Although I favor the NOT EXISTS too, I am afraid that this would yield exactly the same plan.
Lucas about 11 years

@wildplasser I cant speak to postgresql, but in db2, i got drastically increased performance using EXISTS... Also, here is an answer pertaining to sql server to the same effect: stackoverflow.com/a/2065403/516433
Lucas about 11 years

@wildplasser, though checking out your profile, you appear much more qualified than I when it comes to postgresql :)
wildplasser about 11 years

I know. (remember: I am a fan of NOT EISTS, too!) not exists is a primitive, and older plan-generators used to have problems with the duplicate (and NULL) removal of IN(), often forcing an extra sort-pass for the results of the subquery. The hash-thing solves it all, once the subquery can be detected, analysed and merged. BTW: I am not more qualified. I tend to go by may intuition. As if I were qualified ...
Erwin Brandstetter about 11 years

@wildplasser: I ran some tests. The plans for NOT EXISTS and NOT IN were never the same. But NOT IN is actually faster for checking the "1" side of a 1:n relation. I wrote more in my updated answer.
miloxe about 11 years

Thank you for your efforts, I used your delete but I added the range into the other select as well as without it it was too slow. You may find my comments in my edited question.
miloxe about 11 years

Thanks for your answer, I compared NOT EXISTS ans NOT IN and NOT EXISTS was slower for my data set. You can find my results in my edited question.
miloxe about 11 years

Thanks for you efforts, I think I was looking for DELETE with USING but in time when you posted your answer I had the data deleted already. See my results in my edited original question.
wildplasser about 11 years

You're welcome. This whole exercise is more or less intended for future readers.

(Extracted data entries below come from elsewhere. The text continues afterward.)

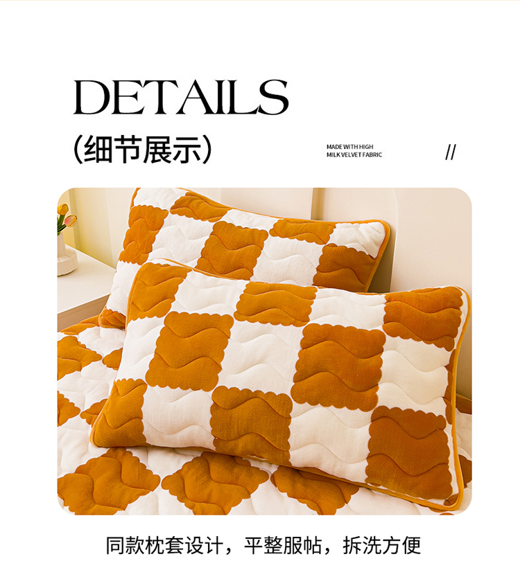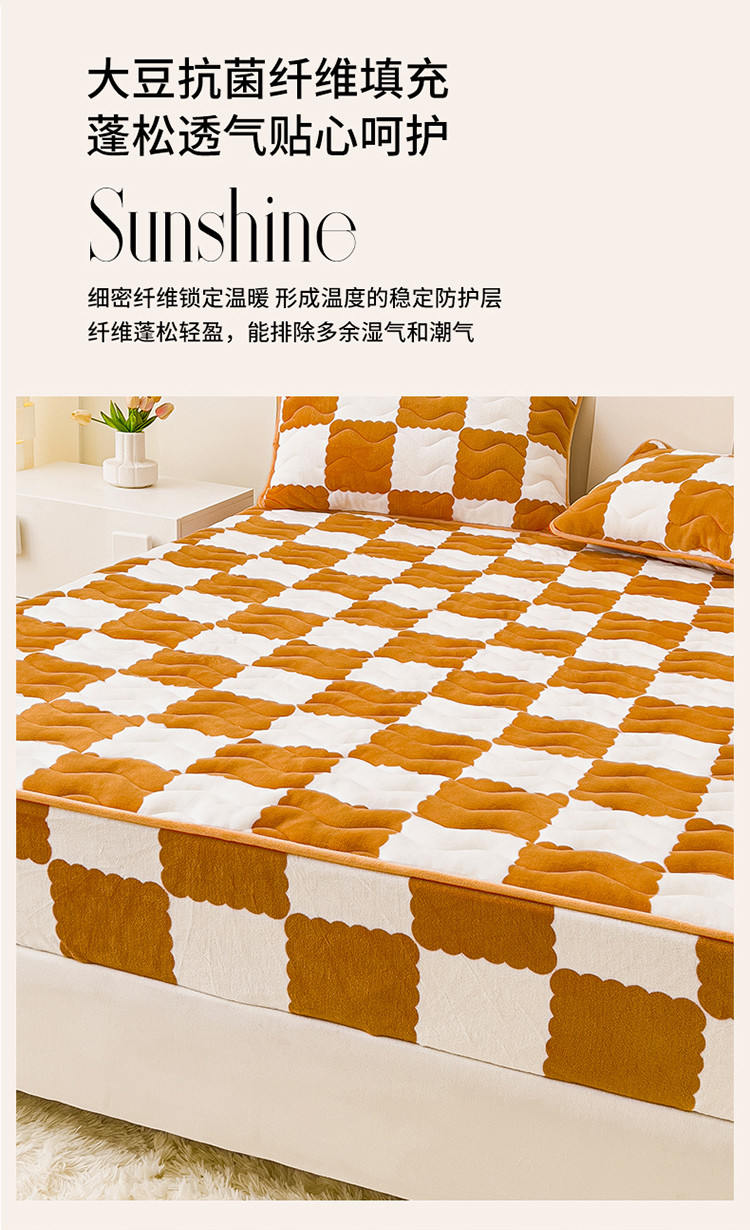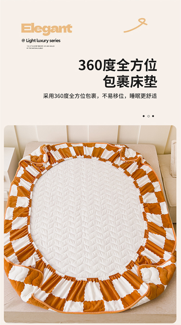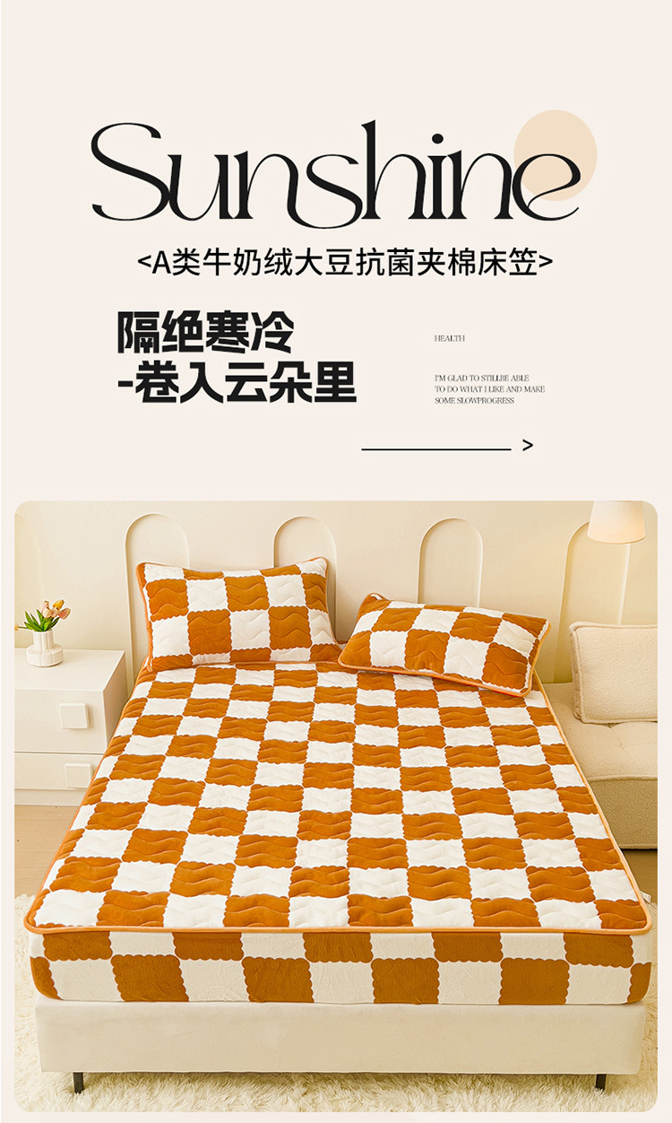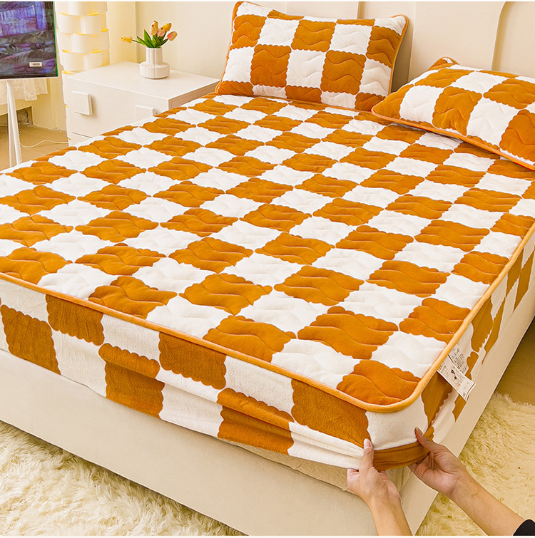 • 91家纺网 家纺一手货源 找家纺 恒尚居 2023新款棋盘格夹棉床笠 棋盘格-橘黄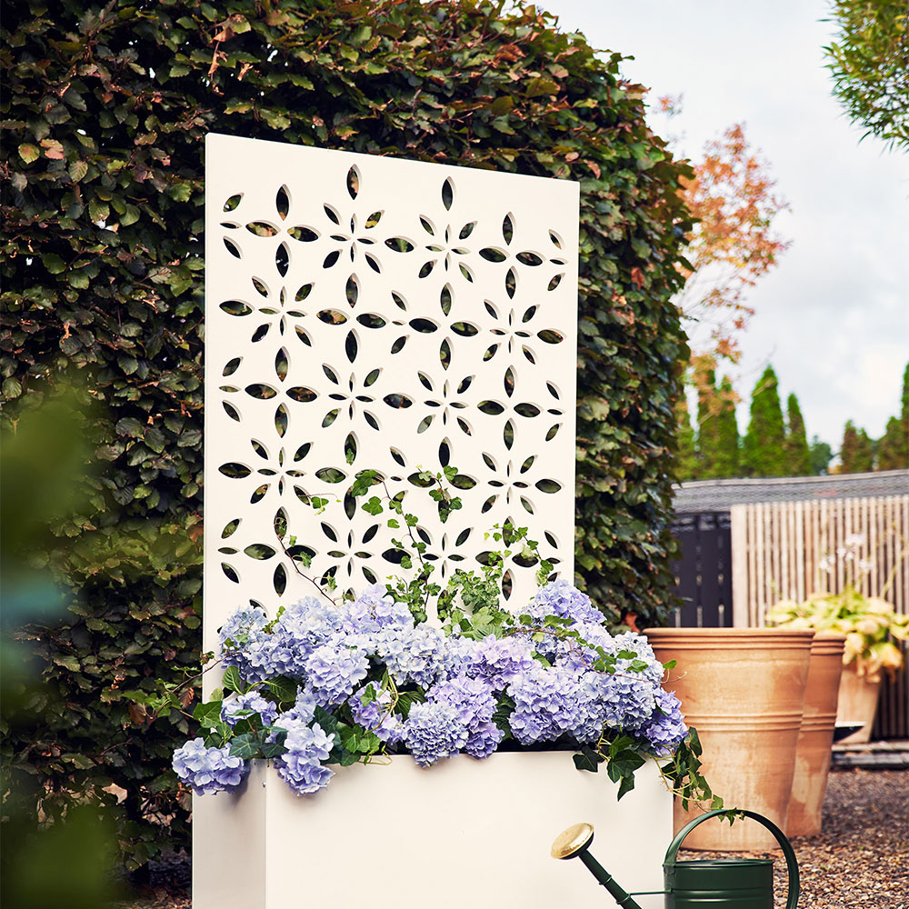 Du kan självklart använda den som en fin detalj eller spalje på en vägg. Bara att skruva i skärmen eller hänga upp den på en krok. Tillför en unik designdetalj i trädgården lika enkelt som 1,2,3.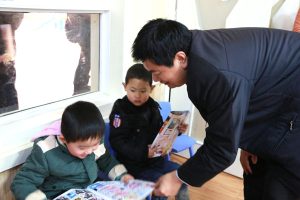 與會(huì)人員參觀新落成的德外幼兒園時(shí),理事長與小朋友在一起
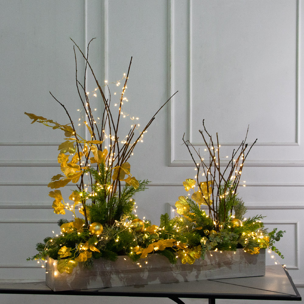 К556/СВ03т(Пр)(F) Композиция искусственная НГ с гирляндой Роса на основании, золото

But it inspired by my hidden agenda: IN(subquery) is inferior to Not EXISTS (correlated subquery) As we speak, I am testing with 300K records, but the run-in is rather slow... BTW: I think that my test-rig is less specific: yours will delete about 1/16 of the rows, mine zero. (the distribution/sparseness of the affected (foreign) keys can also be a factor)
wildplasser about 11 years

Wel, thanks. but: 1) it is about Oracle. 2) it is 13 years old. 3) It is not true. 4) check the output of EXPLAIN (ANALYZE); NOT EXISTS() is mostly transformed into an anti-join, which will use indexes when appropiate, and a hashtable (given enough work_mem)
Erwin Brandstetter about 11 years

Right, repeat the condition in the NOT IN subquery. I tried with NOT EXISTS first, where it wouldn't help. Didn't think to optimize NOT IN later.
miloxe about 11 years

@wildplasser is 32MB of work_mem enough? Or maybe even better, if it's not too much to ask, maybe you could have a look at the postgres configuration in my post an make some suggestions?
wildplasser about 11 years

It is not about being enough, it is about seducing the optimiser into different behaviours. WRT configuration: I am missing random_page_cost . Lowering it often changes query plans dramatically, for example by favouring index scans.
miloxe about 11 years

@wildplasser #random_page_cost = 4.0 I guess the default value 4.0 is used.
wildplasser about 11 years

Setting random_page_cost lower (~ 1.5) is a way to seduce the planner to use indexes. Please not that using indexes can cause more pages to be fetched; this depends on the distribution/spread of your keys and the fraction of rows that the planner thinks you intend to hit.
tsionyx about 7 years

I get much faster result by using intermediate table: CREATE TABLE _del_ids AS SELECT o2.id FROM one o2 LEFT JOIN two t ON t.one_id = o2.id WHERE t.one_id IS NULL; DELETE FROM one o USING(SELECT o2.id FROM one o2 JOIN _del_ids t ON t.id=o.id) sq WHERE sq.id = o.id; DROP TABLE _del_ids;